R Session Security

RStudio includes a number of options which can help harden the surface of the RStudio IDE itself. The settings in this section all apply to the IDE’s user interface for R sessions.

Remember that RStudio is an interface to R itself, which has a variety of tools that can access the file system and shell as the user themselves. Follow security best practices by relying on operating system-level permissions, not front end restrictions, to guard access to sensitive content and files.

Limit Idle Time

By default, RStudio allows users to be idle for up to an hour before automatically signing them out. If your users work with sensitive data, you may wish to decrease this.

# /etc/rstudio/rserver.conf
auth-timeout-minutes=20

See Inactivity Timeout for details.

Restrict System Directory Access

RStudio can optionally prevent users from browsing to system directories; see Restricted Directories for details. Enable this feature as follows:

# /etc/rstudio/rsession.conf
restrict-directory-view=1

Disable External Publishing

RStudio includes support for publishing to several external services, including RPubs and Shinyapps.io. If your users work with sensitive information, you should disable publishing to these services as follows:

# /etc/rstudio/rsession.conf
allow-external-publish=0

Disable Other Features

The are a few other features you should consider disabling. We have not included them in our Example Secure Configuration because they can impede productivity for end users.

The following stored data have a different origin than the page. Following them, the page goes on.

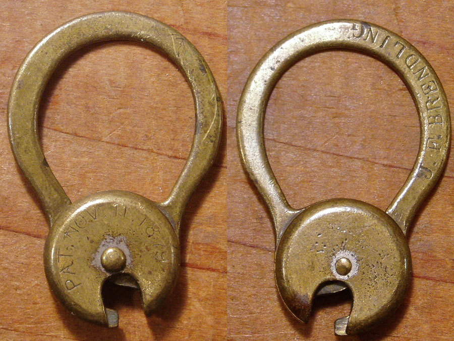 プレート部分に【PAT.NOV.11.1879】と刻印が入っており、リング部には【J.F.BRENDLING】と古いフォントで、前の持ち主の名前?の刻印が入ります。リング部に文字が入る物は、元々数が少ない同物の中でも珍しいです。
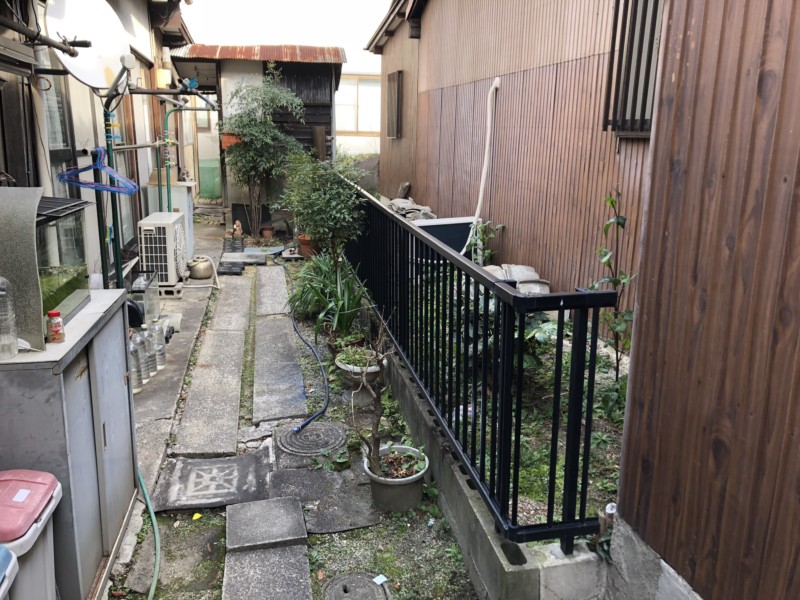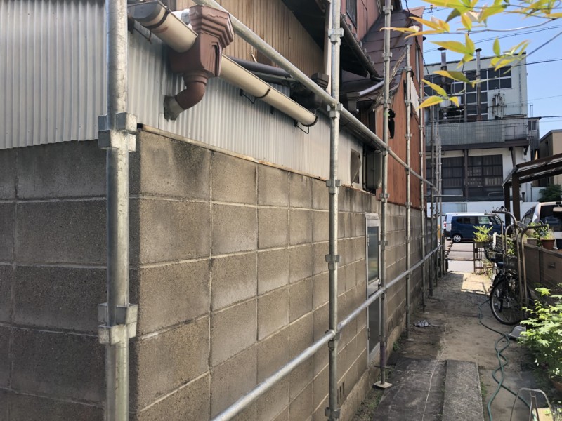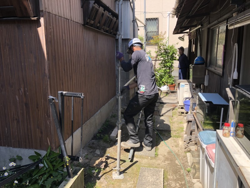 今回の物件は、敷地いっぱいに建物が建っているので、隣地の使用許可を頂いて足場を建たせて頂きました。
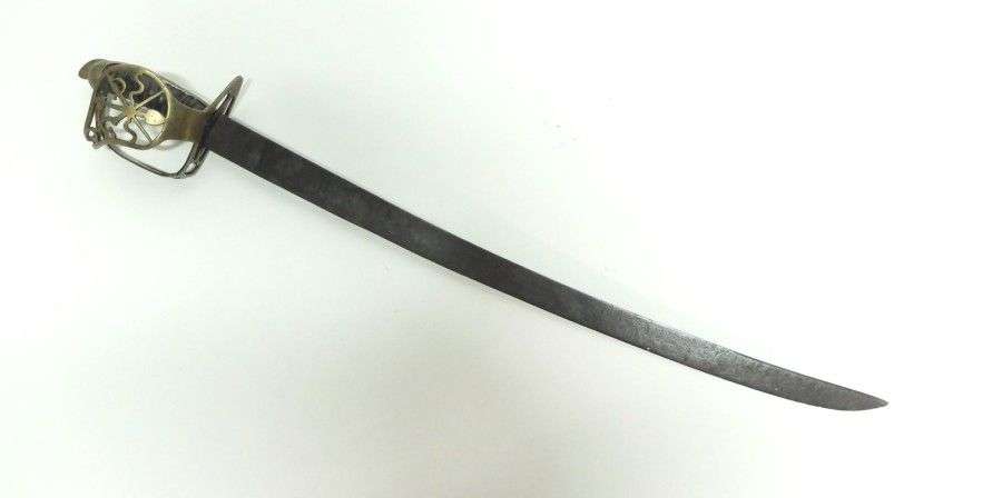 Sabre de Volontaire Révolutionnaire. Poignée recouverte de basane, avec filigrane. Monture en laiton. Calotte à longue queue, surmontée d'un bonnet phrygien. Garde à deux branches, à coquille ajourée à motif aux trois ordres. Lame courbe. EM SF
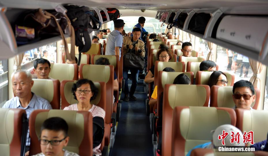 九寨沟县城广场民众排队乘80辆大巴撤离
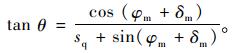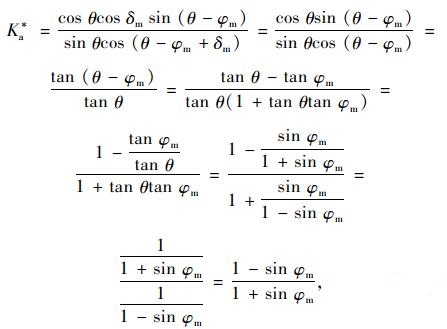 式中,α,β分别为墙背的倾斜角、墙后填土面的倾角;φm,δm分别为非极限状态下的土体内摩擦角、墙土摩擦角;θ为准滑动面与水平面倾角。
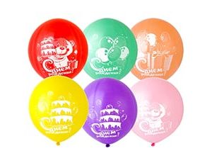 Шар из натурального латекса. Ассорти из 10-12 цветов (в случайном соотношении), одного типа - пастель - матовый оттенок цвета. Шары с двусторонним шелкографическим рисунком (5 дизайнов, одной темы в пакете) с большим полем печати

The following features are configured in the /etc/rstudio/rsession.conf file:

  • Disable shell access (allow-shell=0); disables the Terminal tab used to execute system commands
  • Disable file downloads (allow-file-downloads=0); disables downloading files using the Files pane
  • Disable file uploads (allow-file-uploads=0); disables uploading files using the Files pane
  • Disable package installation (allow-package-installation=0); disables the user interface for installing R packages
Note

Regardless of the values of these settings, users can execute system commands, install packages, and upload and download content using R itself.